+++ Provided information +++

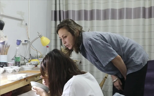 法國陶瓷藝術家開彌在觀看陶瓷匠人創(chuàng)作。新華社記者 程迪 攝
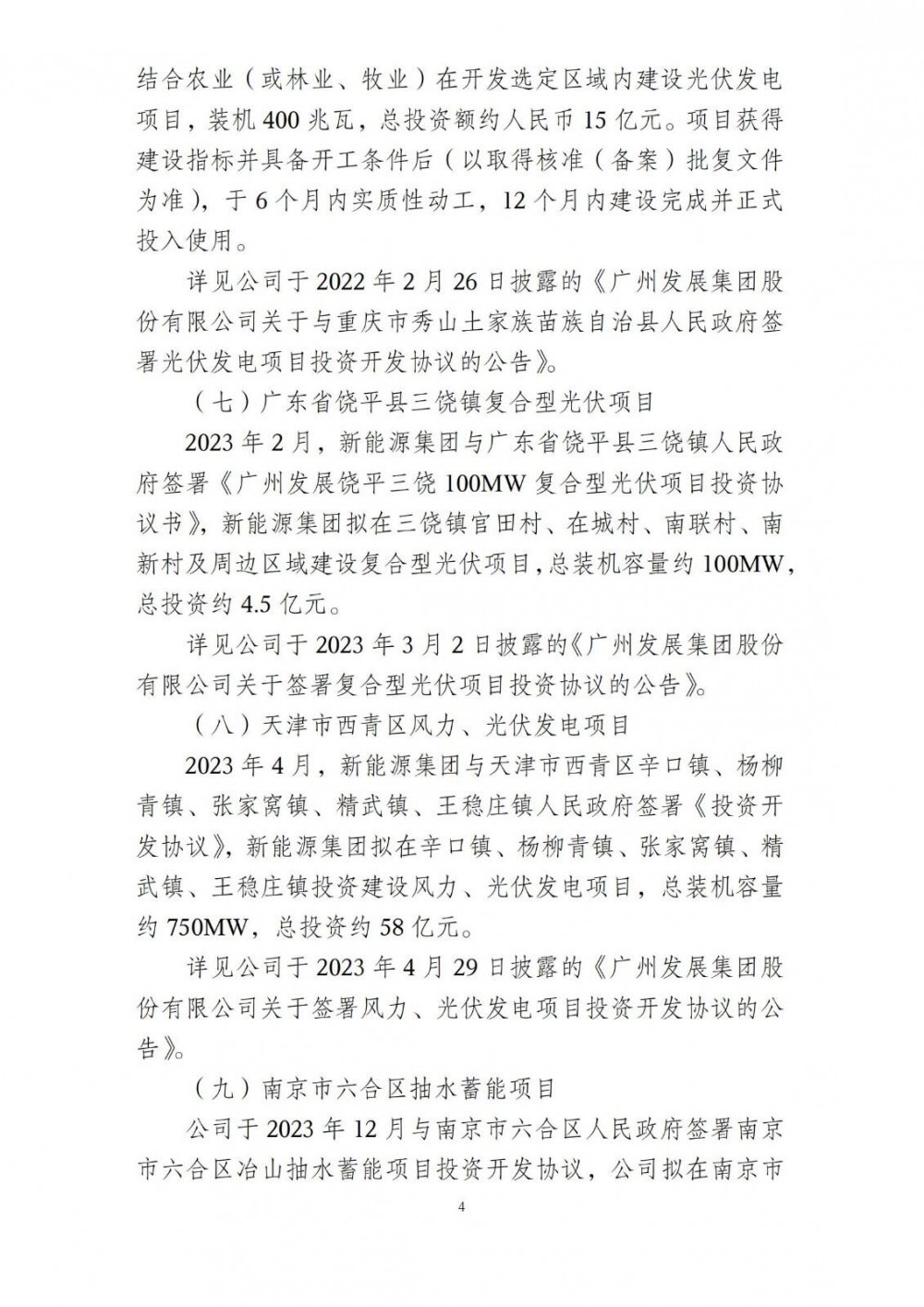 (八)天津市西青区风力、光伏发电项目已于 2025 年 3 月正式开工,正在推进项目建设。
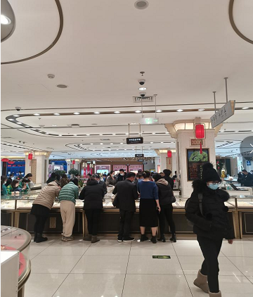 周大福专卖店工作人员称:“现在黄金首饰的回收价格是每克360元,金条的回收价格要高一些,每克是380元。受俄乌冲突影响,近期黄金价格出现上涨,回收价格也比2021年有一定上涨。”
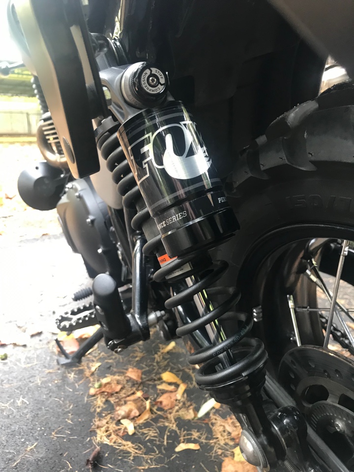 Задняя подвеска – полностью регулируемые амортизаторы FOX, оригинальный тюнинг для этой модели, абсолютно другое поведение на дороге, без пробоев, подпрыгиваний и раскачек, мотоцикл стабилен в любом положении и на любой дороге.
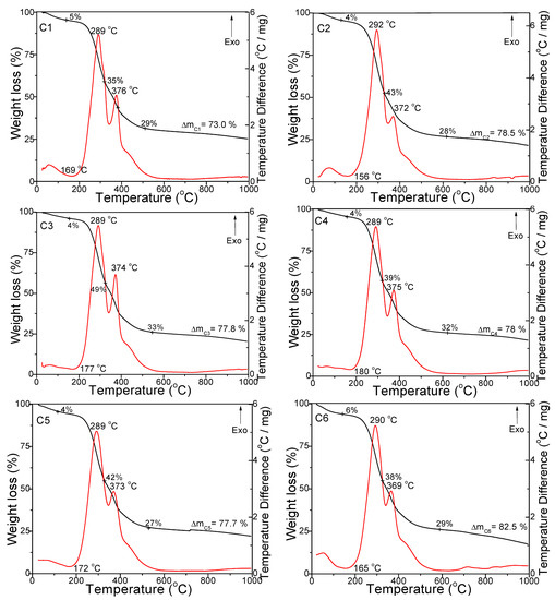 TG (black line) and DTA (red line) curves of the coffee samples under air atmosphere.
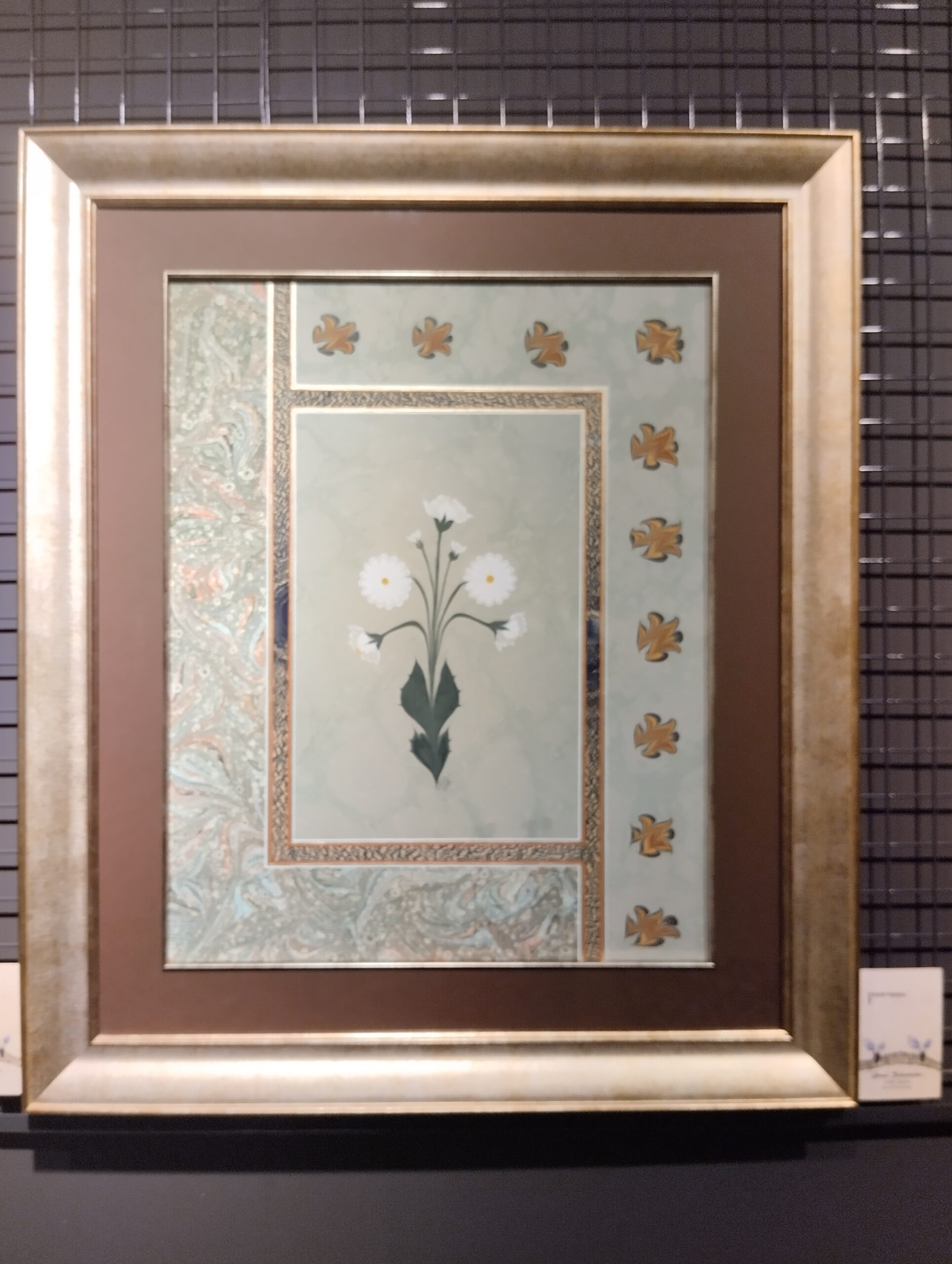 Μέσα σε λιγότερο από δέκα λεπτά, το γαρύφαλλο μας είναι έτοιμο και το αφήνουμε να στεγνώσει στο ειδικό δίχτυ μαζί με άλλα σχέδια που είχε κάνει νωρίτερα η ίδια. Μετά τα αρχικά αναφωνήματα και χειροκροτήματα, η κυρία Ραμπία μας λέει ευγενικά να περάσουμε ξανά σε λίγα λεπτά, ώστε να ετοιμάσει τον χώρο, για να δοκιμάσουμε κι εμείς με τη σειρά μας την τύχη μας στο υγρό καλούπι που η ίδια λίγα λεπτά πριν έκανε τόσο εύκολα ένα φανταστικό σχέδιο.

+++

Description of the task: From the first line above down to the line with "TG (black line)", reproduce every line and no others, omitting pictures.

Response area:
 法國陶瓷藝術家開彌在觀看陶瓷匠人創(chuàng)作。新華社記者 程迪 攝
 (八)天津市西青区风力、光伏发电项目已于 2025 年 3 月正式开工,正在推进项目建设。
 周大福专卖店工作人员称:“现在黄金首饰的回收价格是每克360元,金条的回收价格要高一些,每克是380元。受俄乌冲突影响,近期黄金价格出现上涨,回收价格也比2021年有一定上涨。”
 Задняя подвеска – полностью регулируемые амортизаторы FOX, оригинальный тюнинг для этой модели, абсолютно другое поведение на дороге, без пробоев, подпрыгиваний и раскачек, мотоцикл стабилен в любом положении и на любой дороге.
 TG (black line) and DTA (red line) curves of the coffee samples under air atmosphere.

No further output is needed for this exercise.